Родименький! Отец! Да что с вами?

– Не позволю! – крикнул было другой раз Раскольников.

– Батюшка, потише! Ведь услышат, придут! Ну что тогда мы им скажем, подумайте! – прошептал в ужасе Порфирий Петрович, приближая свое лицо к самому лицу Раскольникова.

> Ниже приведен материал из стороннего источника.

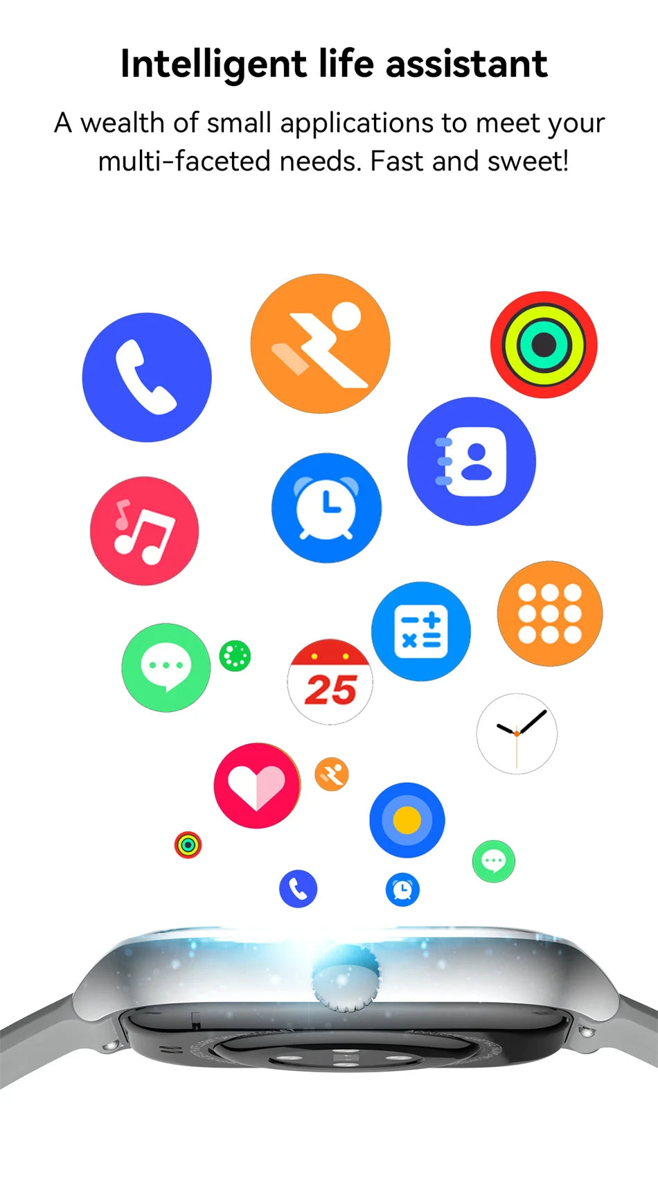 This smartwatch delivers both emotional satisfaction and practical advantages, helping you stay motivated toward your wellness goals while simplifying everyday communication. Whether you’re hitting the gym, going for a run, or managing your busy schedule, this device keeps you informed and inspired. With a vibrant 2.01-inch AMOLED full touch screen, it’s easy to navigate through your activity stats and notification alerts, making your fitness journey and daily routine smarter and more enjoyable.

– Не позволю, не позволю! – машинально повторил Раскольников, но тоже вдруг совершенным шепотом.

Порфирий быстро отвернулся и побежал отворить окно.

– Воздуху пропустить свежего! Да водицы бы вам, голубчик, испить, ведь это припадок‑с! – И он бросился было к дверям приказать воды, но тут же в углу, кстати, нашелся графин с водой.

– Батюшка, испейте, – шептал он, бросаясь к нему с графином, – авось поможет… – Испуг и самое участие Порфирия Петровича были до того натуральны, что Раскольников умолк и с диким любопытством стал его рассматривать. Воды, впрочем, он не принял.

– Родион Романович! миленький! да вы этак себя с ума сведете, уверяю вас, э‑эх! А‑ах! Выпейте‑ка! Да выпейте хоть немножечко!

Он‑таки заставил его взять стакан с водой в руки. Тот машинально поднес было его к губам, но, опомнившись, с отвращением поставил на стол.

– Да‑с, припадочек у нас был‑с! Этак вы опять, голубчик, прежнюю болезнь себе возвратите, – закудахтал с дружественным участием Порфирий Петрович, впрочем, все еще с каким‑то растерявшимся видом. – Господи! Да как же этак себя не беречь? Вот и Дмитрий Прокофьич ко мне вчера приходил, – согласен, согласен‑с, у меня характер язвительный, скверный, а они вот что из этого вывели!… Господи! Пришел вчера, после вас, мы обедали, говорил‑говорил, я только руки расставил; ну, думаю… ах ты, господи! От вас, что ли, он приходил? Да садитесь же, батюшка, присядьте ради Христа!